Innovation Blooms at Home

America is fertile ground for beverage innovation.

I mention this proudly in light of a recent conversation I had with a South American beverage industry analyst who made it clear that in many of the countries he loves, the economic structure is so poorly defined that food and beverage innovation is driven by only the largest companies.

Outside of major cities, he said, many countries have too few stable retailing opportunities to support small or midsize products – instead, large supermarkets and warehouse stores are stables for the largest brands. New products and ideas are generated only by a small group. Pools of capital aren’t readily available to allow good ideas to germinate.

We don’t think South America will remain fallow ground for long – the rush of domestic beverage companies to that continent for flavors and additives is ongoing, and the growth of infrastructure in many countries is inevitable. But here, the bonanza of new products and new levels of consumer awareness has created a highly favorable environment for new domestic products.

In America, we’re flush with small and medium-sized beverage companies – and these companies are supplying the juice for beverage innovation. The best indicator of this is the fact that the largest companies are no longer innovating from within. Instead, they are acquiring some companies and teaming up with others, using capital to purchase innovation rather than expect that it will be self-generating.

That’s an approach that has helped turn the beverage industry into a marketplace for ideas. There’s an argument that as large companies spend more time perfecting their financial status, positioning and distribution processes, they are no longer able to specialize in product innovation. It’s become both stated and implicit strategy at this point: after years of fumbling about, some of the largest domestic beverage companies are trying to innovate through acquisition.

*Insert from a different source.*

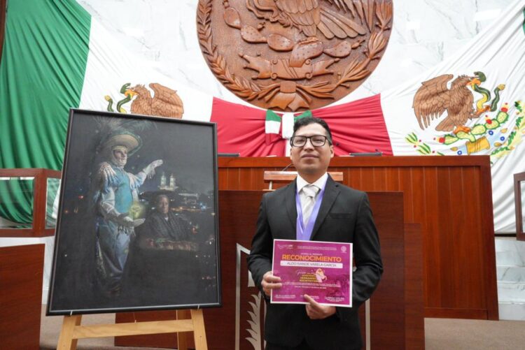 Tlaxcala, Tlax., a 11 de febrero de 2023.- Las y los diputados integrantes de la LXIV Legislatura del Congreso del Estado de Tlaxcala en Sesión Extraordinaria Pública y Solemne, entregaron la presea al arte «Maestro Desiderio Hernández Xochitiotzin» 2023 al pintor Aldo Ivanoe Varela García con su obra «Luz y Magia Tlaxcallan».
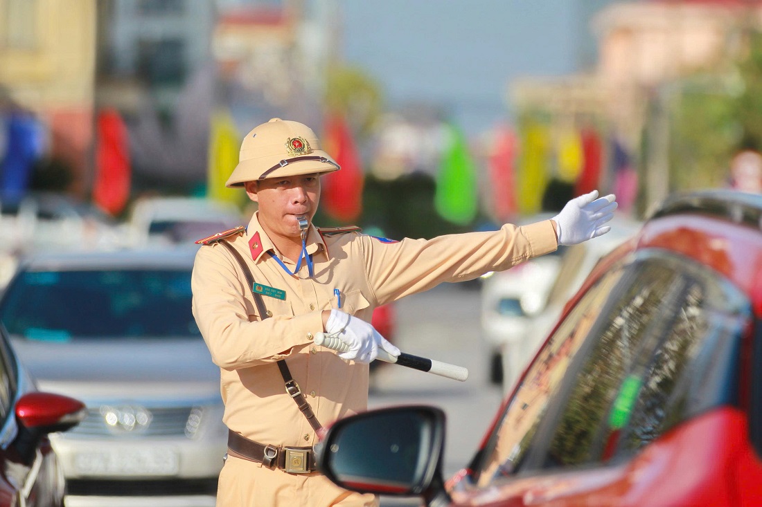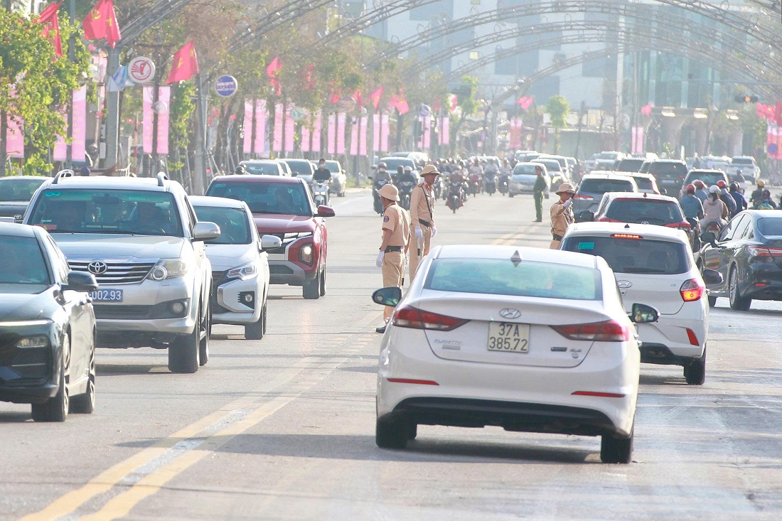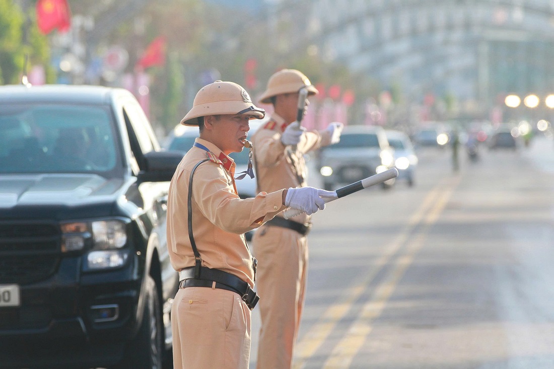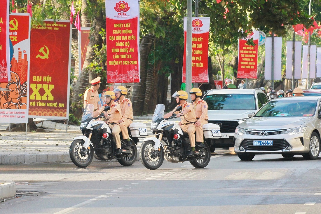 | Ngay từ sớm, lực lượng Cảnh sát giao thông đã có mặt tại các tuyến đường và trước địa điểm diễn ra Đại hội để phân luồng, bảo đảm trật tự an toàn giao thông |

Which is nice, if your ultimate strategy is to be acquired. But what’s even nicer is that with a stable set of retailing channels, medium and small companies are able to survive without that goal. With the right mix of marketing and funding, they can provide innovation to a dedicated base in a variety of venues. How far they go beyond that is the prerogative of the founder.

But if you want to create innovative beverages, the tools are available in America, and BevNET IBQ is here to help you find them.

To that end, we’ve got a mix of stories this month that figure strongly into the attributes of successful new beverages. A pair of case studies by rising beverage executives explain the key decisions that go into launching a new product line – and killing one off. Our cover story, by longtime beverage journalist Gerry Khermouch, provides a series of guidelines on how to take innovative products and imbue them with an aura that attracts consumers. Our sweetener guide offers a glimpse of that key taste element in current and future forms. And as always, we’ve got a number of stories on the folks who can help your products gain wider acceptance, both from distributors and financiers.

Remember, not every great new beverage gets picked up. A favorable environment doesn’t necessarily mean smooth sailing. But it does make starting the journey that much easier.